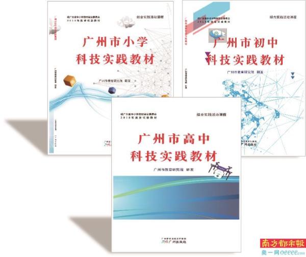 小学、初中和高中版本的《广州市中小学科技实践教材》。 受访者供图
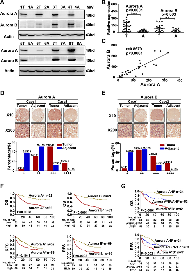 Figure 1: Aurora A and B were overexpressed in parallel and predicted a poorer prognosis in HCC. (A) WB analysis to determine the expression of Aurora A and B in HCCs and adjacent liver tissues and representative results of 8 out of 24 pairs of tissues were shown. (B) Quantification of Aurora A and B expression in HCCs and adjacent liver tissues (n = 24). (C) A positive linear correlation relationship existed between Aurora A and B at the protein level. (D–E) IHC staining of human HCC tissue array using Aurora A and B-specific antibody, respectively, as described in Material and Methods. And the classification of samples according to the intensity of staining of Aurora A and B expression, respectively. (F) Survival correlation analysis of Aurora A and B expression status in HCC, respectively (n = 138). (G) Survival correlation analysis among the groups of Aurora AHighBHigh (Aurora AHBH), Aurora AHighBLow/ALowBHigh (Aurora AHBL/ALBH) and Aurora ALowBLow (Aurora ALBL ),with different Aurora expression status (n = 138). OS, overall surivival rate; RFS, relapsed free survival rate; **p < 0.01, ***p < 0.001.
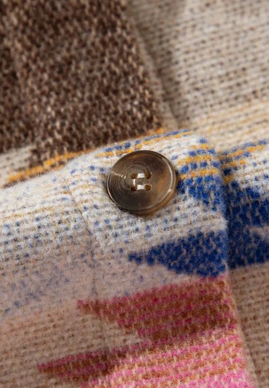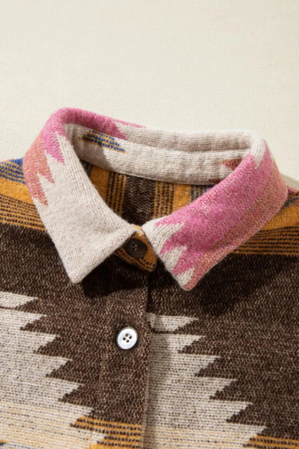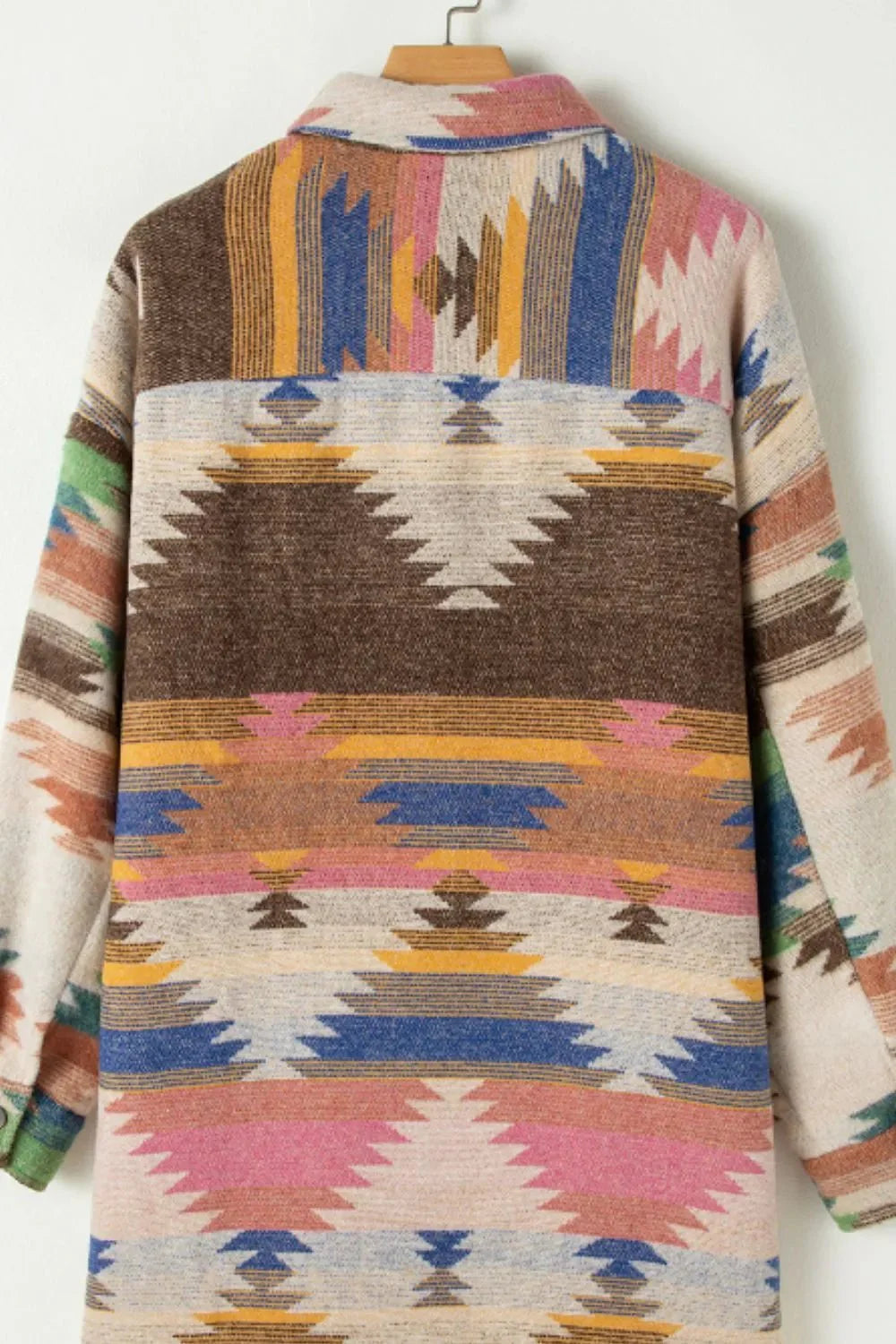 The Cheri Geometric Button Up Long Sleeve Jacket offers a distinctive geometric pattern crafted entirely from 100% polyester, delivering both style and durability. Designed with a regular thickness suitable for layering, this jacket features a classic button-up front for adjustable comfort and ease of wear. Its unlined body ensures a lightweight feel without sacrificing structure, making it ideal for transitional weather. Easy to maintain, the jacket is machine washable in cold water and can be tumble dried on low, ensuring it retains its shape and vibrant pattern over time. A refined choice for those seeking both function and modern design in their outerwear.
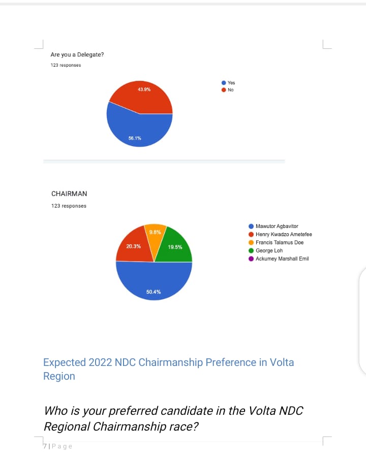 It said, Mr. George Loh has 19.5% vote and 9.8% is likely to vote for Francis Talamus Doe out of the 500 sampled stakeholders in Volta NDC.
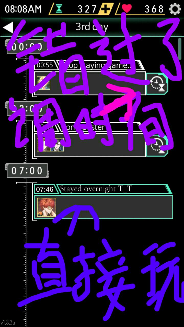 这游戏是根据现实中的时间走的,所以为了攻略。。。 我拼了!
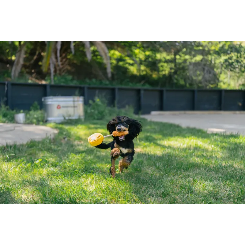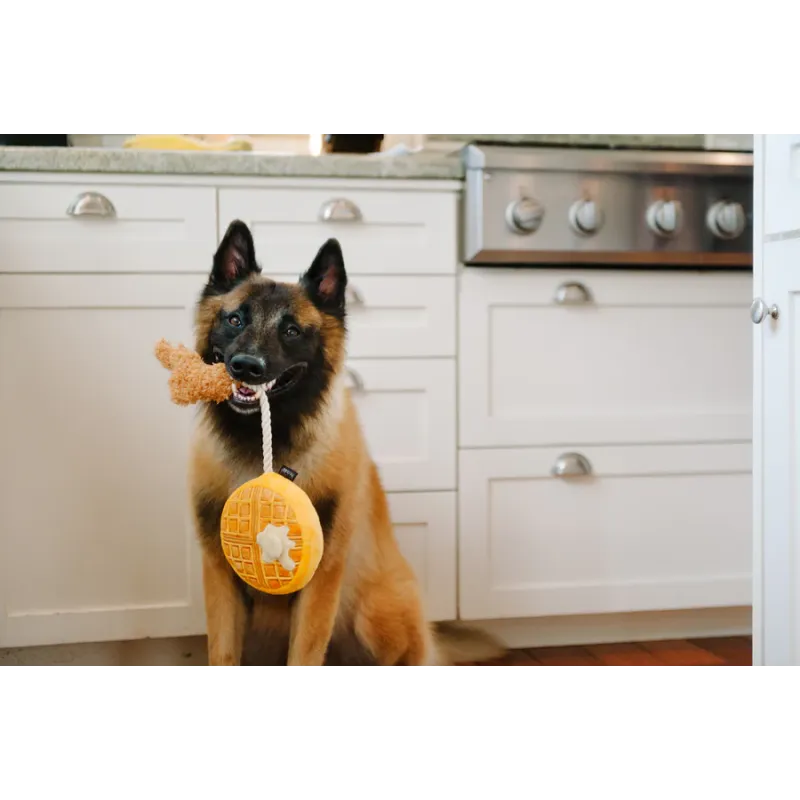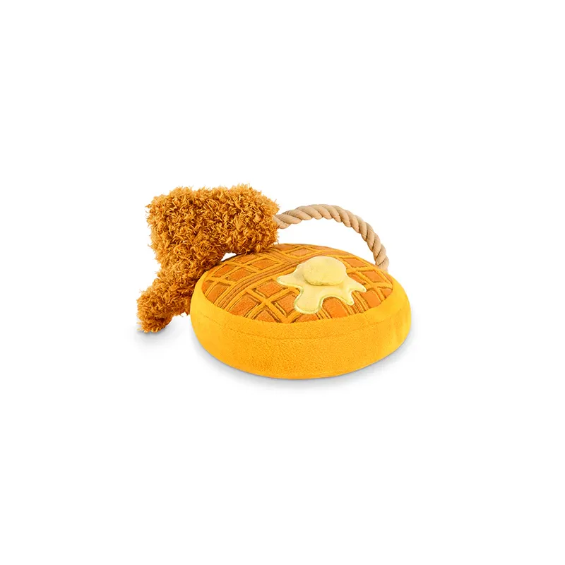 Divertido juguete de peluche con forma de pollo y gofre, con squeakers, textura crujiente y cuerda integrada que estimulan el juego interactivo y el tira y afloja.
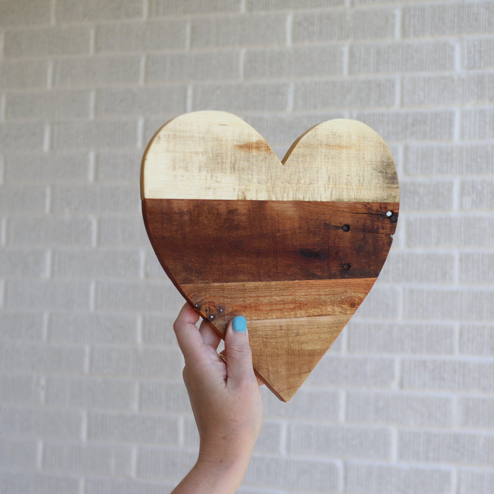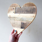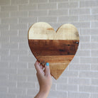 We're making these beautifully rugged Hearts with reclaimed pallet wood and precise templates. Available in three sizes: Large, Medium, and Small. The small hearts are 6 x 6 x ½ inches, medium hearts are 10 x 10 x ½ inches, and large hearts are 20 x 20 x ½ inches.

Aim of the exercise: All that should appear in the answer is the lines above from the line with "Figure 1: Aurora" through the line with "这游戏是根据现实中的时间走的,所以为了攻略。。。 我拼了!", retyped exactly, pictures left out.

Completed task:
 Figure 1: Aurora A and B were overexpressed in parallel and predicted a poorer prognosis in HCC. (A) WB analysis to determine the expression of Aurora A and B in HCCs and adjacent liver tissues and representative results of 8 out of 24 pairs of tissues were shown. (B) Quantification of Aurora A and B expression in HCCs and adjacent liver tissues (n = 24). (C) A positive linear correlation relationship existed between Aurora A and B at the protein level. (D–E) IHC staining of human HCC tissue array using Aurora A and B-specific antibody, respectively, as described in Material and Methods. And the classification of samples according to the intensity of staining of Aurora A and B expression, respectively. (F) Survival correlation analysis of Aurora A and B expression status in HCC, respectively (n = 138). (G) Survival correlation analysis among the groups of Aurora AHighBHigh (Aurora AHBH), Aurora AHighBLow/ALowBHigh (Aurora AHBL/ALBH) and Aurora ALowBLow (Aurora ALBL ),with different Aurora expression status (n = 138). OS, overall surivival rate; RFS, relapsed free survival rate; **p < 0.01, ***p < 0.001.
 The Cheri Geometric Button Up Long Sleeve Jacket offers a distinctive geometric pattern crafted entirely from 100% polyester, delivering both style and durability. Designed with a regular thickness suitable for layering, this jacket features a classic button-up front for adjustable comfort and ease of wear. Its unlined body ensures a lightweight feel without sacrificing structure, making it ideal for transitional weather. Easy to maintain, the jacket is machine washable in cold water and can be tumble dried on low, ensuring it retains its shape and vibrant pattern over time. A refined choice for those seeking both function and modern design in their outerwear.
 It said, Mr. George Loh has 19.5% vote and 9.8% is likely to vote for Francis Talamus Doe out of the 500 sampled stakeholders in Volta NDC.
 这游戏是根据现实中的时间走的,所以为了攻略。。。 我拼了!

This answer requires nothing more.